Time to review evidentiary standards
AS A retired jurist, albeit lower court — a long, long way from the U.S. Supreme Court or for that matter even the state Supreme Court — I can’t tell you the number of times I was faced with “he said-she said” matters, many/ most of which fell into the domestic violence, not necessarily sexual assault, arena. Petitioners ... filing proper paperwork seeking injunctions, giving sworn testimony on one hand and respondents offering sworn testimony on the other, most of the time with no witnesses other than the opposing parties. Oh, how I abhorred these proceedings — HE SAID-SHE SAID at its worst. Bruising and facial scratches certainly weighed on my mind during the decision making process — but often there was no such physical evidence. Written reports by police officers were sometimes available but not always. And, of course, those reports were finalized some time after the fact. Witnesses to the purported act(s), nope — not the vast majority of the time. My job was to listen and determine the veracity of the courtroom testimony. I would be less than candid if I stated that courtroom body language and demeanor weren’t also taken into account. Was I ever fooled? I’m sure that I was. But I did the best that I could, and I probably erred on the side of caution from time to time — better safe than sorry and I could sleep at night.

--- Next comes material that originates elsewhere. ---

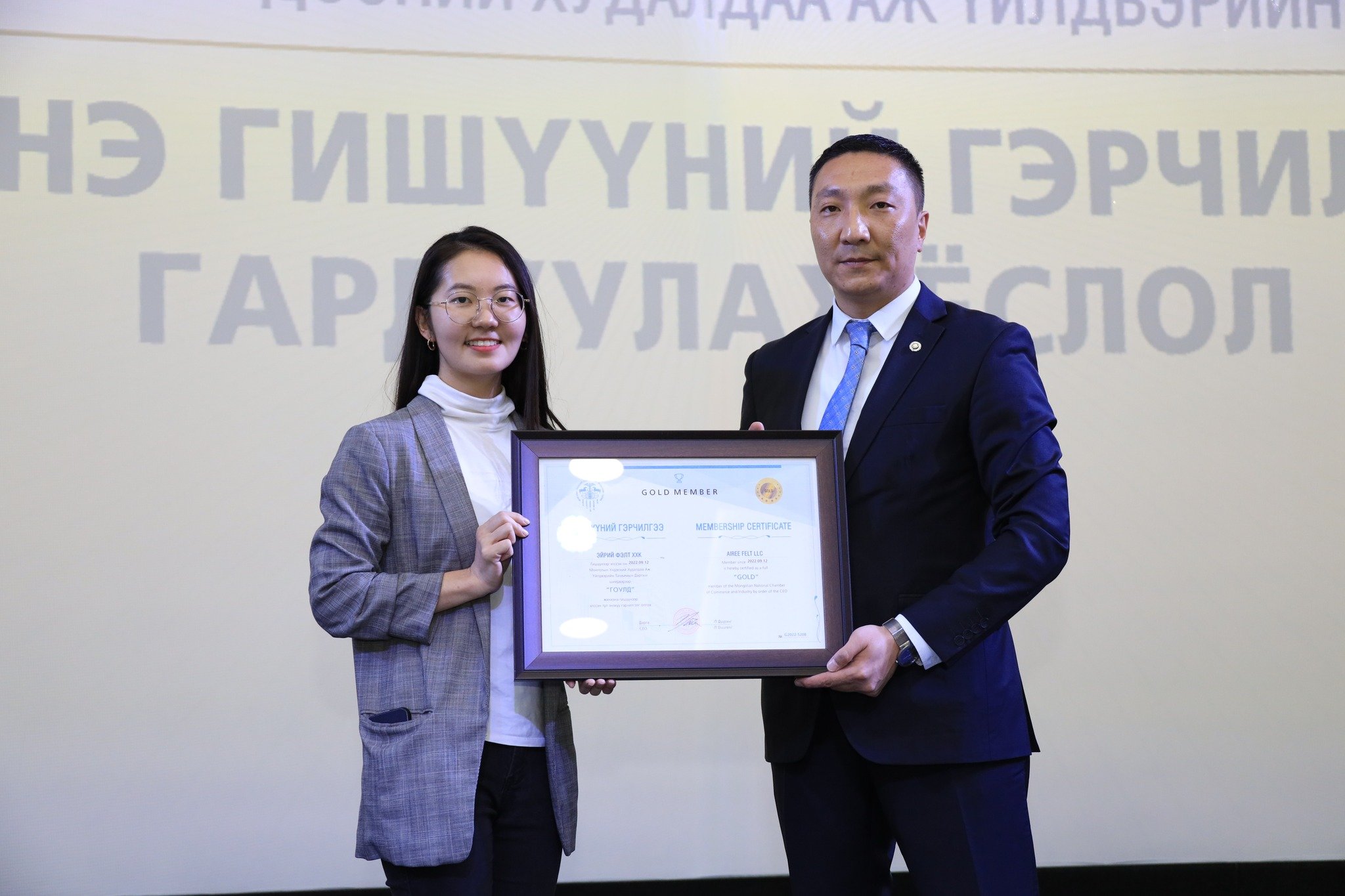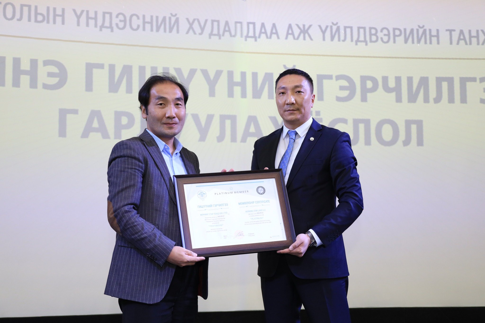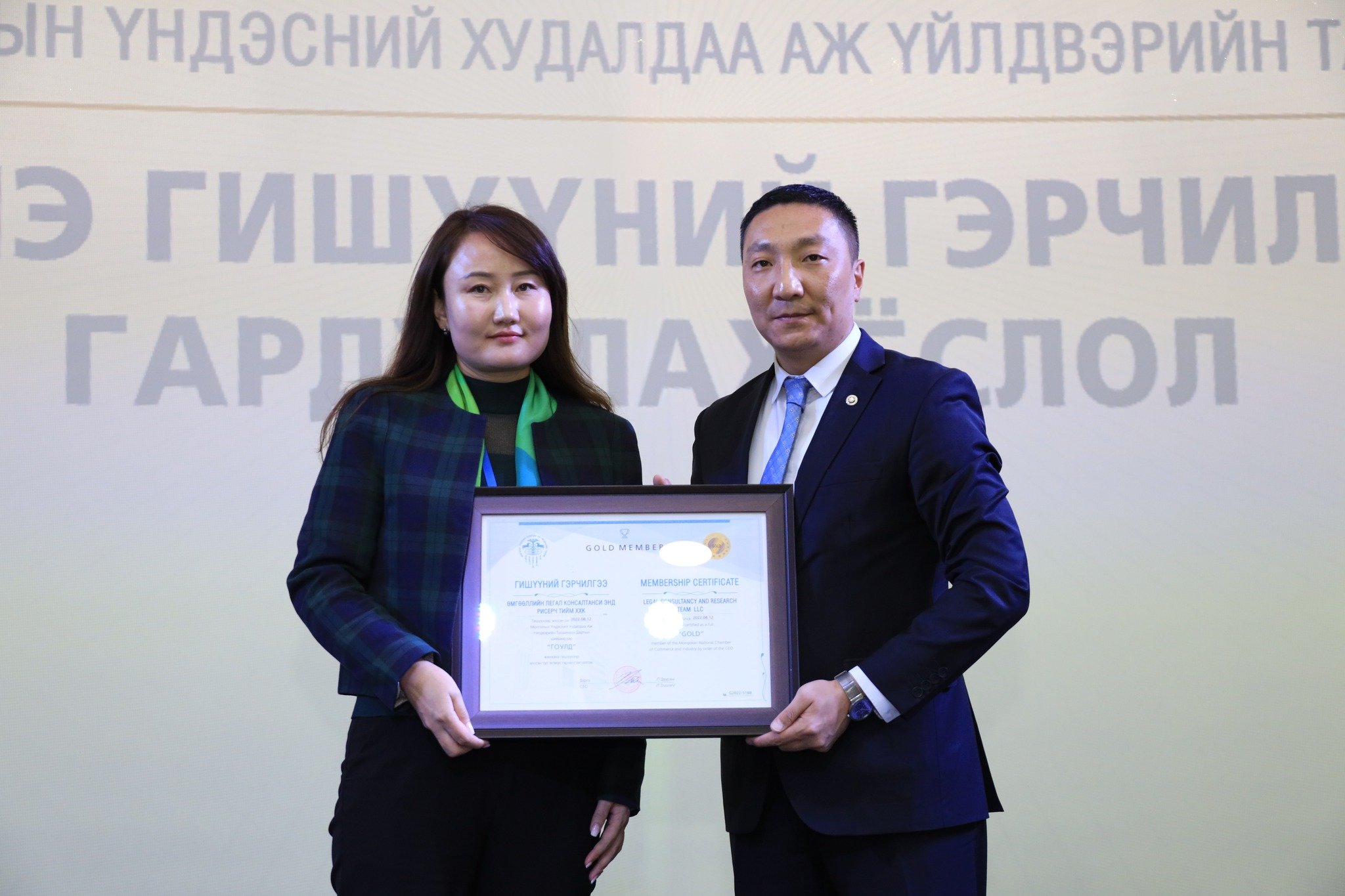 МҮХАҮТ-д 2022 оны 3-р улиралд шинээр элссэн компаниудад МҮХАҮТ-ын Гишүүнчлэлийн газрын дарга Ц.Магнайбаатар Гишүүний гэрчилгээг гардууллаа. МҮХАҮТ-ын гишүүн болсноор Танхимаас зохион байгуулж буй арга хэмжээнүүдэд оролцох, бизнесийн түншлэлээ өргөжүүлэх, ААН-үүдийн үндэсний хэмжээний мэдээллийн нэгдсэн сүлжээ www.trademongolia.mn -д мэдээлэл, үйл ажиллагаа, бүтээгдэхүүнээ байршуулж, сурталчлах боломжтой. Түүнчлэн гишүүнчлэлийн ангиллаас хамаарч, МҮХАҮТ-аас үзүүлдэг үйлчилгээнүүдэд хөнгөлөлт эдэлдэг.

And now, dear U.S. senators, you very recently found yourselves in a similar quandary at the (Judge Brett) Kavanaugh hearings. I sympathize — except for those of you who so obviously politicized the process — and to those of you who did I say: Hope YOU can’t sleep at night! For those of the rest of us I suggest a careful review of U.S. evidentiary standards — preponderance of the evidence, etc., etc. — and better yet a sincere attempt to understand the difference between the terms “not guilty” vs. “innocent.”